(Records from a data collection)
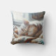 Een pluizige kat slaapt rustig op een lappendeken bij een raam dat in het warme zonlicht bakt
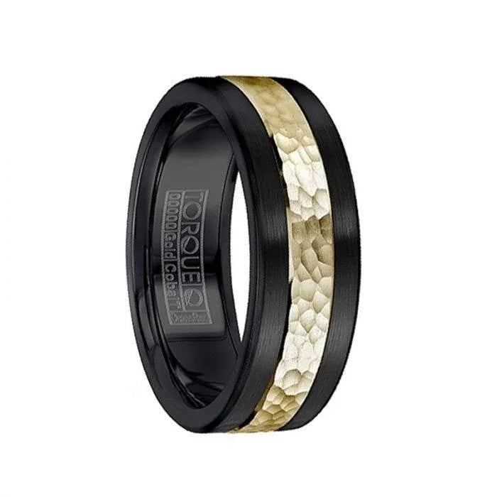 Alliance pour homme en or jaune 14 carats martelé et incrusté de cobalt noir – 7,5 mm et 9 mm
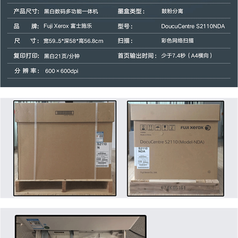 富士施樂(lè)(FujiXerox) S2110NDA A3幅面 黑白激光多功能復(fù)合機(jī) 一體機(jī)(打印/復(fù)印/掃描)
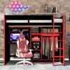 Transform your room into a high-energy gaming hub with the ModernLuxe Full Size Wood Gaming Loft Bed! Designed for gamers, students, and remote workers, this all-in-one loft bed pairs a full-size sleeping area (supports up to 600LBS, fits 6'' mattresses) with a sturdy underbed desk (110LBS capacity) for gaming setups, streaming, or productivity. Built-in RGB LED lights (adjustable green, red, blue) create an immersive gaming atmosphere, while an open wardrobe and multi-level storage compartments keep games, gear, and clothes organized. Perfect for small rooms or apartments, it merges style, function, and space-saving design for ages 6+.
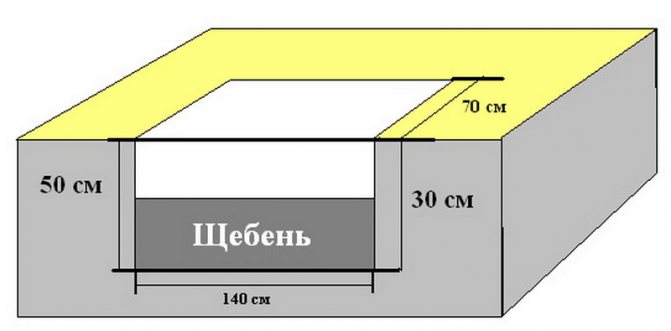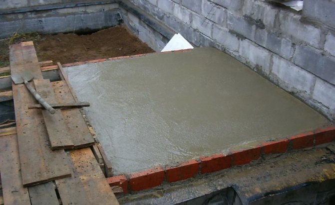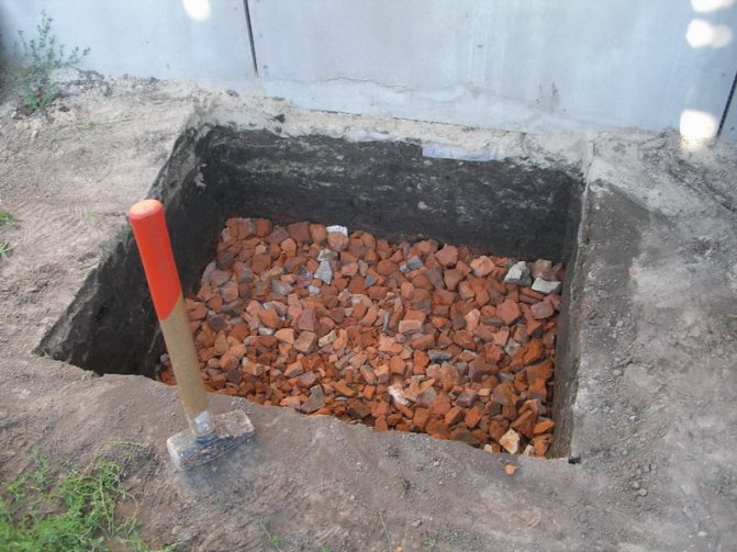 La fondation est faite de briques brisées et de pierres concassées et coulée en couches avec du béton. La dernière couche doit être recouverte d'un imperméabilisant.
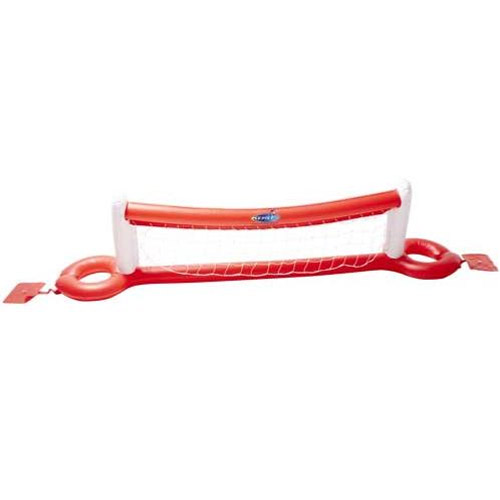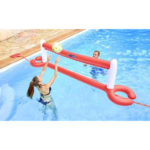 Le jeu de volley ball est constitué d'un filet entouré de coussins gonflables est équipé de poches d'eau pour lester la structure.
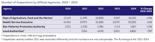 In 2014, about 92% of registered food businesses were inspected by the Health Service Executive; 5% by the Sea-Fisheries Protection Authority; 2% by the Department of Agriculture, Food and the Marine and 1% by the local authorities.
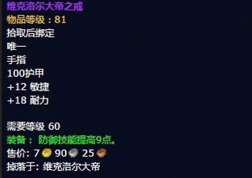 15、维克洛尔大帝之戒:戒指1,安其拉副本维克洛尔大帝掉落,无法附魔。
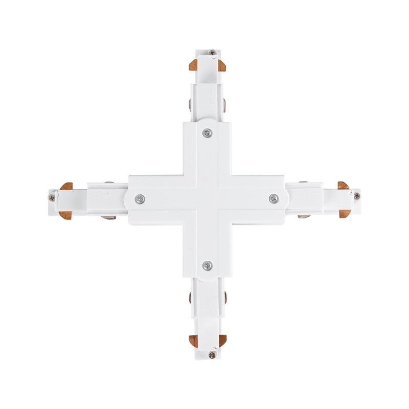 Le connecteur X permet d'assembler quatre sections de rails triphasés en saillie à un angle de 90°, formant ainsi une intersection sur un seul plan.
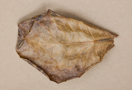 a dry, curled leaf lies on a white surface
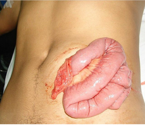 This was corrected via laparotomy and primary repair of intestinal injury.
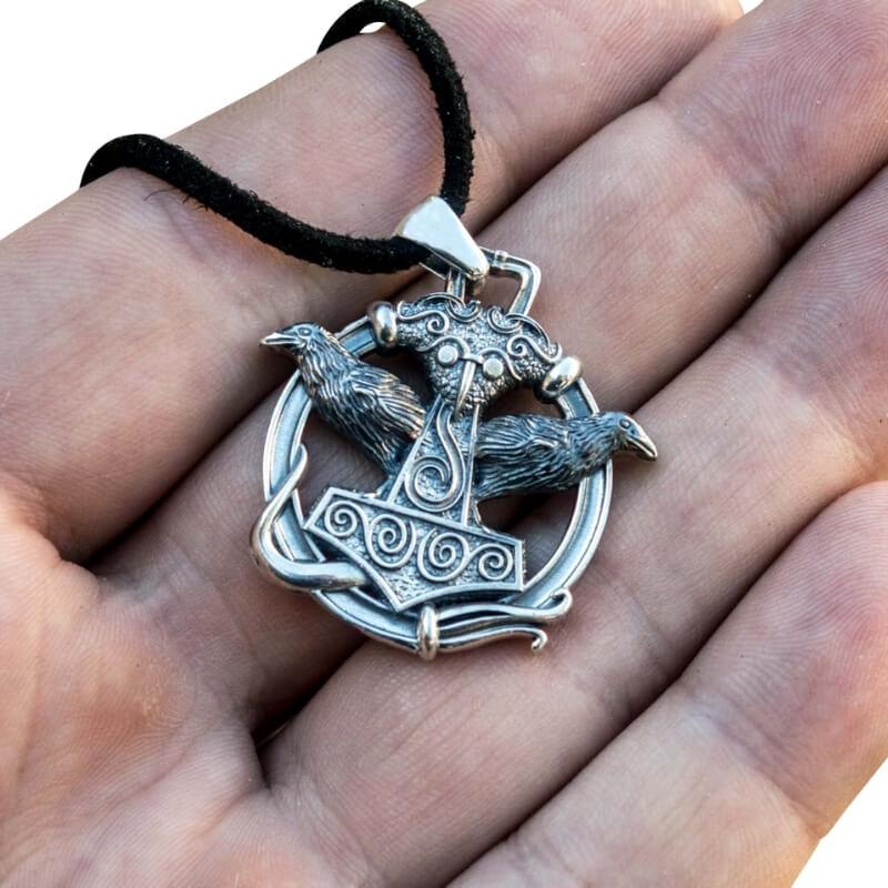 Handcrafted Thors Hammer Two Ravens Sterling Silver Pendant

## Exercise instructions
An exact copy of all the entries above is required, with every picture left out.

## Output
 Een pluizige kat slaapt rustig op een lappendeken bij een raam dat in het warme zonlicht bakt
 Alliance pour homme en or jaune 14 carats martelé et incrusté de cobalt noir – 7,5 mm et 9 mm
 富士施樂(lè)(FujiXerox) S2110NDA A3幅面 黑白激光多功能復(fù)合機(jī) 一體機(jī)(打印/復(fù)印/掃描)
 Transform your room into a high-energy gaming hub with the ModernLuxe Full Size Wood Gaming Loft Bed! Designed for gamers, students, and remote workers, this all-in-one loft bed pairs a full-size sleeping area (supports up to 600LBS, fits 6'' mattresses) with a sturdy underbed desk (110LBS capacity) for gaming setups, streaming, or productivity. Built-in RGB LED lights (adjustable green, red, blue) create an immersive gaming atmosphere, while an open wardrobe and multi-level storage compartments keep games, gear, and clothes organized. Perfect for small rooms or apartments, it merges style, function, and space-saving design for ages 6+.
 La fondation est faite de briques brisées et de pierres concassées et coulée en couches avec du béton. La dernière couche doit être recouverte d'un imperméabilisant.
 Le jeu de volley ball est constitué d'un filet entouré de coussins gonflables est équipé de poches d'eau pour lester la structure.
 In 2014, about 92% of registered food businesses were inspected by the Health Service Executive; 5% by the Sea-Fisheries Protection Authority; 2% by the Department of Agriculture, Food and the Marine and 1% by the local authorities.
 15、维克洛尔大帝之戒:戒指1,安其拉副本维克洛尔大帝掉落,无法附魔。
 Le connecteur X permet d'assembler quatre sections de rails triphasés en saillie à un angle de 90°, formant ainsi une intersection sur un seul plan.
 a dry, curled leaf lies on a white surface
 This was corrected via laparotomy and primary repair of intestinal injury.
 Handcrafted Thors Hammer Two Ravens Sterling Silver Pendant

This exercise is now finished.